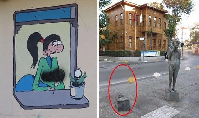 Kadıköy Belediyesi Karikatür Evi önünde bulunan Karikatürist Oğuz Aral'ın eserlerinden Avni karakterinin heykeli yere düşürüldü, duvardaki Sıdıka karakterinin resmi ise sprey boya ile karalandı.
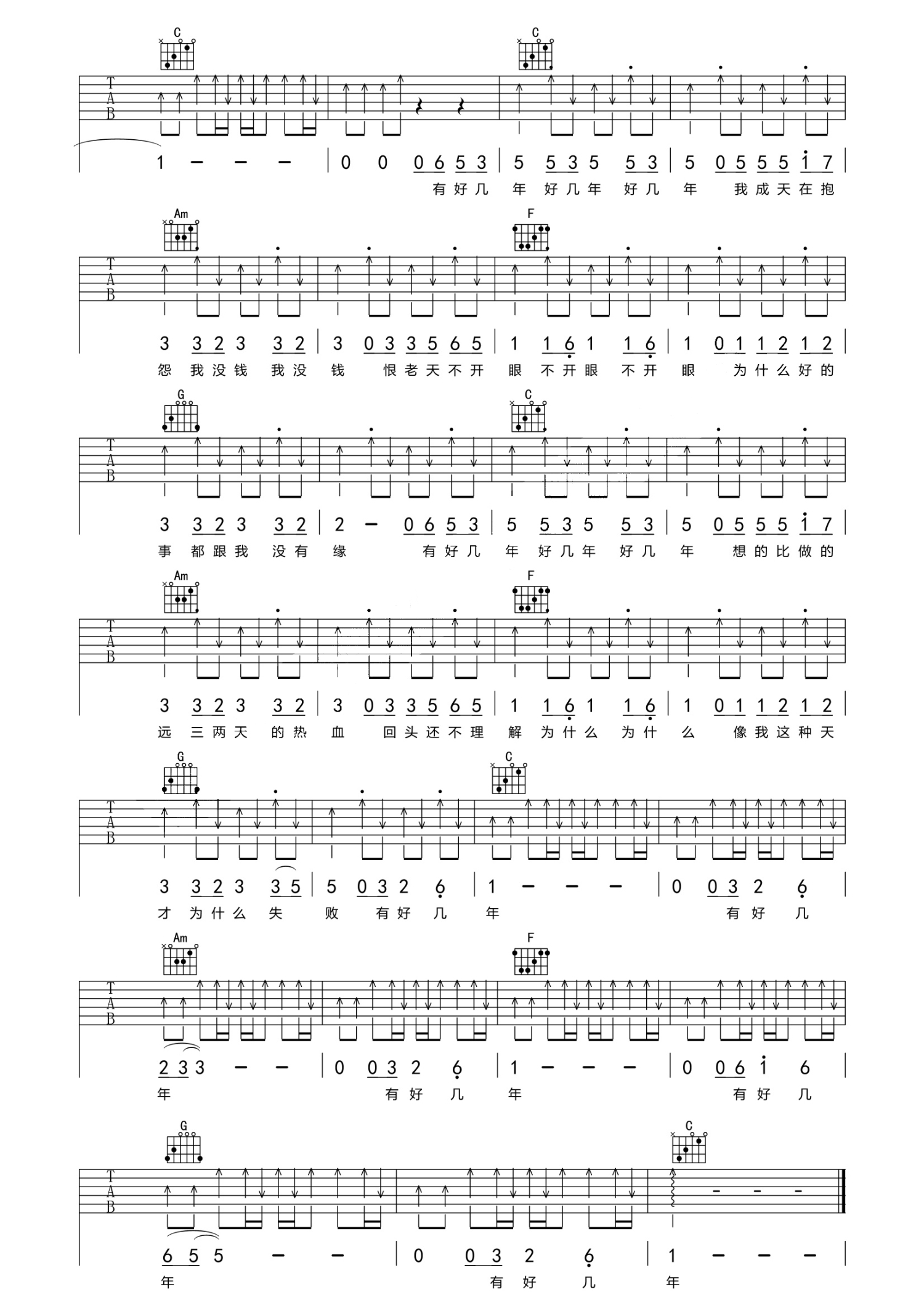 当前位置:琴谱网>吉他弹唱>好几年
--------------------
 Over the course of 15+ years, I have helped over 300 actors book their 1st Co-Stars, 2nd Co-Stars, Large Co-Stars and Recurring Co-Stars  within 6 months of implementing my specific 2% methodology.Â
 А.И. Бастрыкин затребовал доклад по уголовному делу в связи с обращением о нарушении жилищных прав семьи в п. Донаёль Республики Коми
--------------------
» **WHAT YOU SHOULD DO**
Go to the line above holding "Kadıköy Belediyesi Karikatür", then copy exactly each line down to and including the one holding "当前位置:琴谱网>吉他弹唱>好几年", leaving pictures out.

» **RESPONSE FOR THIS EXERCISE**
 Kadıköy Belediyesi Karikatür Evi önünde bulunan Karikatürist Oğuz Aral'ın eserlerinden Avni karakterinin heykeli yere düşürüldü, duvardaki Sıdıka karakterinin resmi ise sprey boya ile karalandı.
 当前位置:琴谱网>吉他弹唱>好几年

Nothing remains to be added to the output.